Peters had actually backed him off deliberately, worried about burnout, especially for such a young horse with a lot of upsides.

“He’s had quite a long prep leading to his first run. He was a bit light off his first race,” he said.

“So, we brought him back and he looks better now, he’s filled out a bit.”

The increased workload, the bouncy strides and the dappled-up coat were the unmistakable signs that a comeback was near.

A win in his second barrier trial on Nov 16 topped him off nicely, but the enhanced physical condition was not the only noticeable change.

Manoel Nunes was the new partner on board while Duric rode the Tim Fitzsimmons-trained Foxship, who finished fifth in that trial.

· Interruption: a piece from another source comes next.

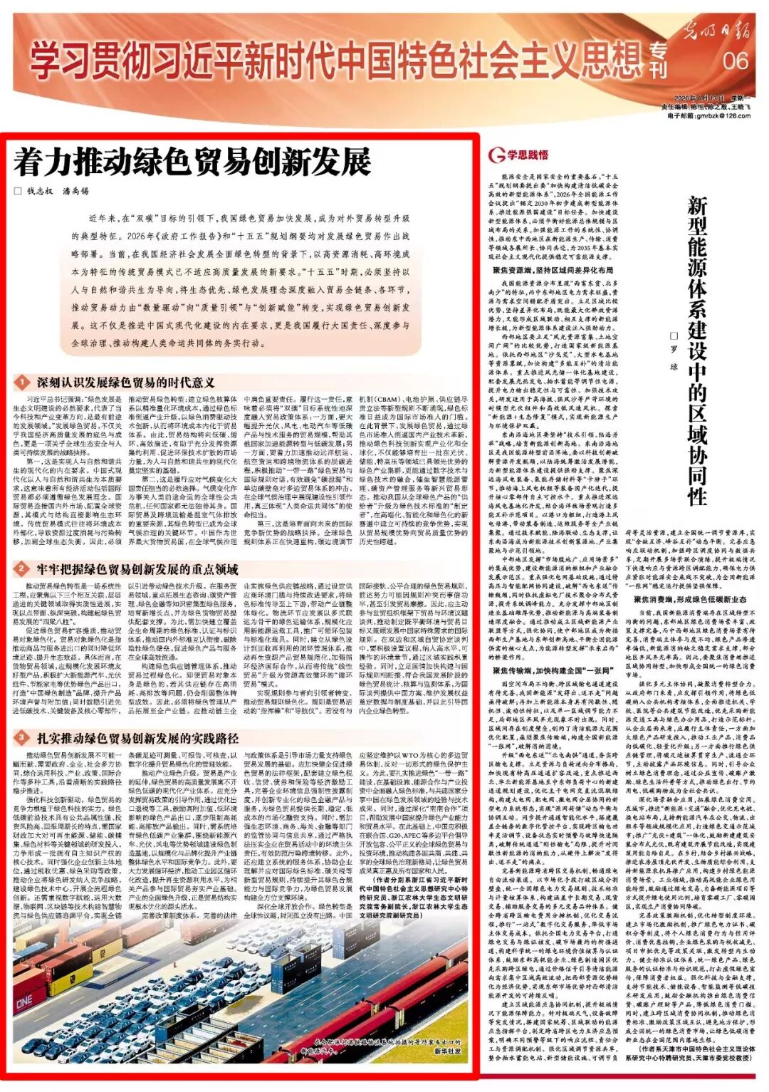 2026年4月13日,由钱志权教授和潘禹锡副教授合作撰写的《着力推动绿色贸易创新发展》理论文章在《光明日报》理论部主办的学习贯彻习近平新时代中国特色社会主义思想专刊发表。现将全文转载如下:
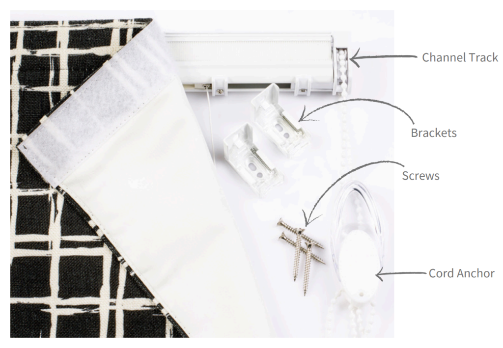 Spiffy Spools’ roman shades are shipped with all the necessary hardware, including:

The Rommel five-year-old also disappeared after a victorious launch on Nov 13, 2022, which makes him even more ring-rusty.

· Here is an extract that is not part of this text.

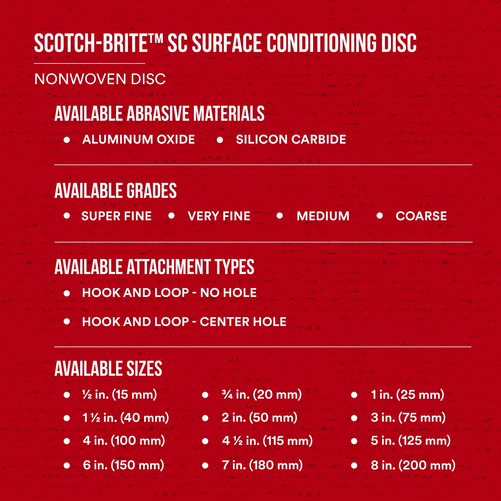 Scotch-Brite Surface Conditioning Disc comes in a wide variety of grades and sizes and is an ideal first-step for cleaning, blending, deburring, and finishing. Durable, non-woven fiber construction conforms well on irregular or contoured surfaces without undercutting or damaging the base material.The open-web material runs cool and resists loading to enable prolonged operation while evenly distributed aluminum oxide abrasives produce a high cut-rate for consistent finishing.

While Last Supper had no gear when he raced, he donned a crossover noseband and earmuffs in the trial.

“He was overracing. We wanted to teach him to relax,” said Peters.

“He was racing a bit upside down and not finishing off earlier on. He was going at 100 miles per hour.

“So, we played around with his gear. This morning, he was steady and he relaxed quite well with the crossover noseband and the earmuffs.

“He will wear the crossover noseband at his next start.”

Last but not least, Last Supper has also changed hands. Peters, who used to be the registered owner as well, has sold him to the Yu Long Stable, which happens to be the farm that stands Grunt.

Parting with such an exciting find might surprise a few. But, with only 11 months left until Kranji closes shop for good, a lot of the decision-making process these days revolves around horses’ longevity and welfare beyond Oct 5, 2024.

But, even if Last Supper has swopped colours from Peters’ claret and blue of his favourite West Ham football team to Yu Long’s green and white checks, Peters will still be part of Team Last Supper – right until the end.

“I’m staying on next year – until the last day,” said Peters, who first came to Singapore as Michael Freedman’s track rider in 2010.

Down to only 29 horses, Peters was luckily able to inject some new blood before the closure announcement was made on June 5.

He had eight two-year-olds, joined by Bintang Sixty-One from Fitzsimmons later, but Last Supper is clearly the standout. It would have been a shame if he lost him.

After all, he was the one who handpicked the horse at the 2022 Inglis Ready2Race Sale for A$62,500 (S$54,900).

Peters said Yu Long came knocking on his door straight after the smashing introduction on Aug 20.

“Shortly after his win, Yu Long made an offer. They stand the stallion Grunt, I suppose there is a connection there,” he said.

“But I’ll still train him, which is great. He’ll stay with me, but I guess he will eventually go overseas when racing ends next year.”

The Singapore Three-Year-Old Challenge shapes up as a legitimate target in 2024, but he has to go through that “open company” rite of passage first.

“We’ll see how he pulls up. We may run him in a Class 4 over 1,200m next week,” said Peters.

“He’s definitely come back more mature. He’s a horse with a bit of a future.”